• _Required work_: As you write out the lines from the one containing "Sunflower & Cow" through the last line of the records, keep them exact and leave out pictures.

• _Data_:
------------------------------------------------

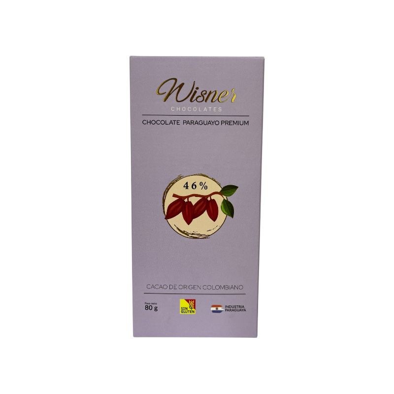Chocolate paraguayo 46% de cacao origen colombiano, sabor suave y dulce. Sin ingredientes que contengan gluten.
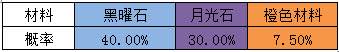 做一件橙装+40需要180天,那么此时已经开了600*6=3600个箱子,得黑曜石3600*0.4*8=11520,得月光石3600*0.3*4=4320,4种橙色材料消耗了1种,其他3种各3600*0.075=270。如果要做紫色的珍宝,这些材料足够再做5件紫色珍宝到+40,但是如果要做橙色珍宝,由于橙色材料限制,只能做3件20多级的。
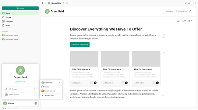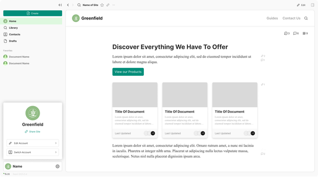 When clicking on the account picker a account card will be opened with resumed information on what you can do with your account like sharing your site, editing your account, and switching your account.
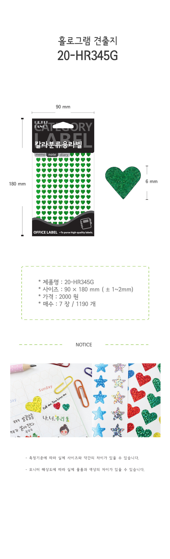 견출지/홀로그램/7매/하트/20-HR345/녹색
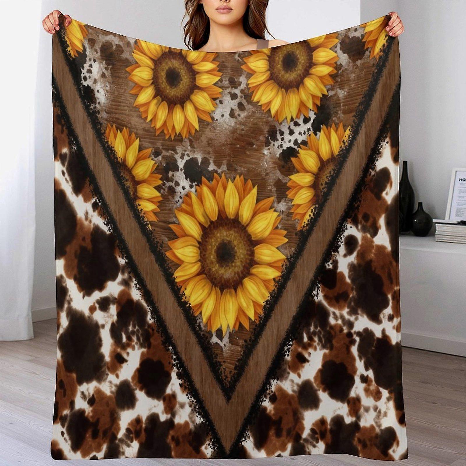 Sunflower & Cow Print Flannel Blanket - Cozy Warm Throw for Bedroom | Rustic Farmhouse Decor for Families
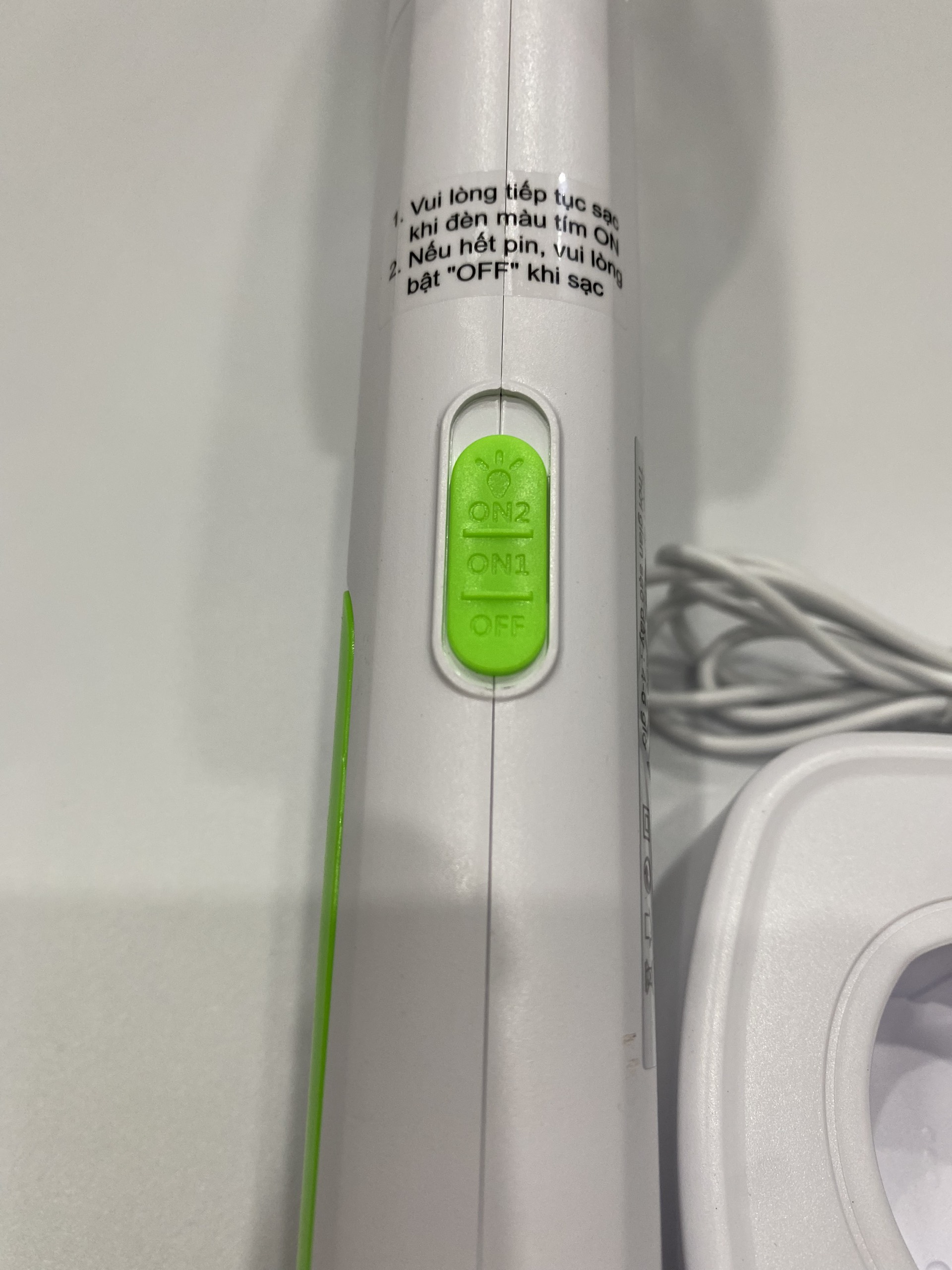 - Đèn báo màu xanh: sản phẩm được sạc đầy. Có chức năng tự động tắt nguồn và nhắc nhở. Đèn báo đỏ: sản phẩm đang sạc. Khi sản phẩm sạc đầy, đèn sẽ tự động chuyển sang màu xanh lục và người dùng không cần phải chú ý đến thời gian sạc theo cách thủ công.
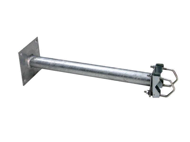 Držák na stěnu se třmenem pro upevnění stožáru o průměru 35 - 60 mm s odsazením 50 cm. Rozměr základny 15 x 15 cm.
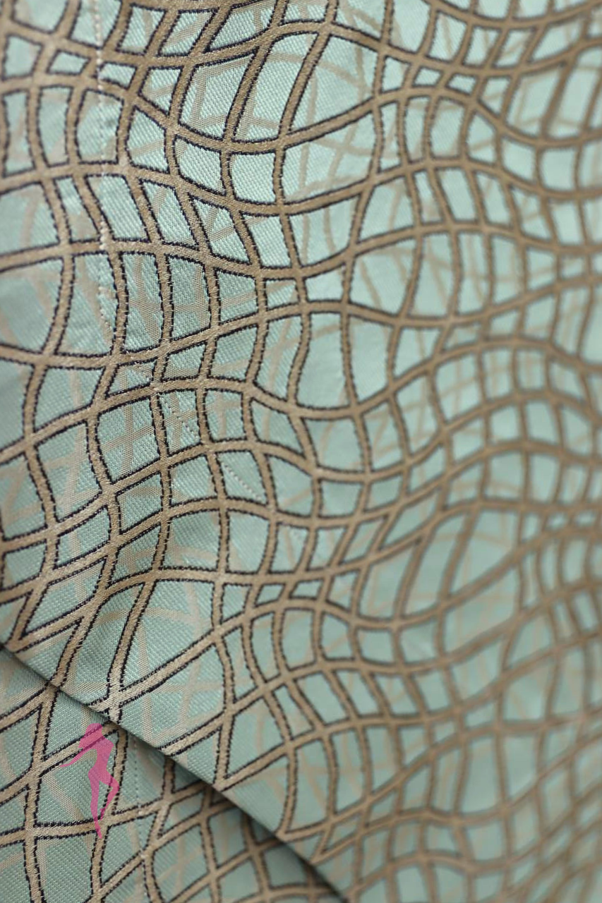 Il colore Bamboo, raffinato e naturale, si sposa con l’esclusivo motivo geometrico in rilievo, donando movimento e luminosità al tessuto. L’orlo a rete rifinisce il capo con un tocco distintivo e prezioso.

------------------------------------------------

• _Answer space_:
 Sunflower & Cow Print Flannel Blanket - Cozy Warm Throw for Bedroom | Rustic Farmhouse Decor for Families
 - Đèn báo màu xanh: sản phẩm được sạc đầy. Có chức năng tự động tắt nguồn và nhắc nhở. Đèn báo đỏ: sản phẩm đang sạc. Khi sản phẩm sạc đầy, đèn sẽ tự động chuyển sang màu xanh lục và người dùng không cần phải chú ý đến thời gian sạc theo cách thủ công.
 Držák na stěnu se třmenem pro upevnění stožáru o průměru 35 - 60 mm s odsazením 50 cm. Rozměr základny 15 x 15 cm.
 Il colore Bamboo, raffinato e naturale, si sposa con l’esclusivo motivo geometrico in rilievo, donando movimento e luminosità al tessuto. L’orlo a rete rifinisce il capo con un tocco distintivo e prezioso.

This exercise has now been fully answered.